Development of a treatment for lymphoma, or cancer of the lymph nodes, could be possible in the near future.

"This opens a new therapeutic avenue to exploit for cancers with Myc involvement—including relapsed metastatic tumors and refractory tumors, those that have not responded to treatment," said John Cleveland, a Scripps Research professor and chair of the Department of Cancer Biology, who led the study.
The Myc family of oncoproteins (c-Myc, N-Myc, and L-Myc) regulate critical pathways that contribute to tumors; c-Myc expression, which is activated in human Burkitt lymphoma, is sufficient to induce the growth of several tumor types in animal models.
In the new study, the scientists focused on precancerous and malignant Myc-expressing B cells, part of the immune system affected in human lymphoma. Using transgenic animal models, Cleveland and his team, led by the efforts of senior postdoctoral fellow Robert Rounbehler, showed that Myc-directed repression of a protein called tristetraprolin (TTP/ZFP36) was important for both the development and maintenance of cancer. The suppression of TTP is a hallmark of human cancers with MYC involvement, Cleveland noted.
The scientists' results showed that overriding this pathway by forced expression of TTP more than doubled the lifespan of Myc transgenic mice. Strikingly, Rounbehler discovered that re-introduction of TTP into Myc-driven lymphoma totally disabled these tumors, indicating an important therapeutic target.

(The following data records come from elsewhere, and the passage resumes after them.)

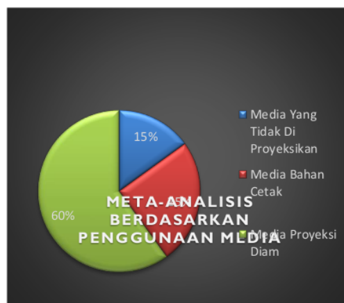
Gambar 1. Diagram Lingkaran Penggunaan Media

Bedasarkan klasifikasi yang sudah dilakukan, maka hasil persentase diagram lingkaran dari 20 penelitian adalah sebagai berikut: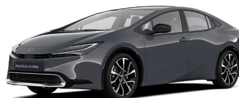
1M2 – Ash Metallic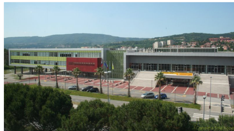
Osnovna šola Koper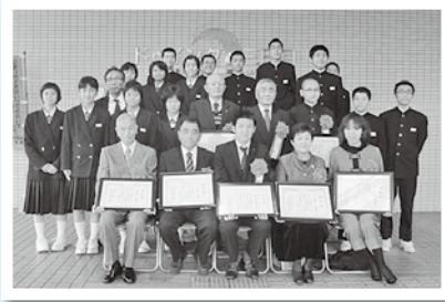
少年少女の声大会 (11月17日)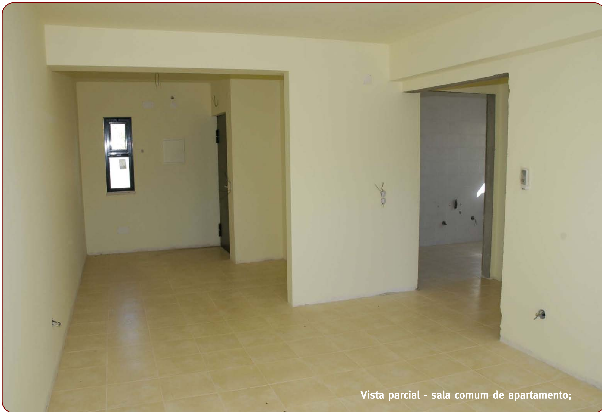
Vista parcial - sala comum de apartamento;

The authors showed that Myc regulates hundreds of genes that contain adenylate-uridylate-rich elements (AU-rich elements), which play an important role in RNA stability and are found in many messenger RNAs (mRNAs) that code for oncogenes, nuclear transcription factors, and cytokines. AU-rich elements direct the mRNA for degradation; they are thought to be vital for controlling expression during cell growth.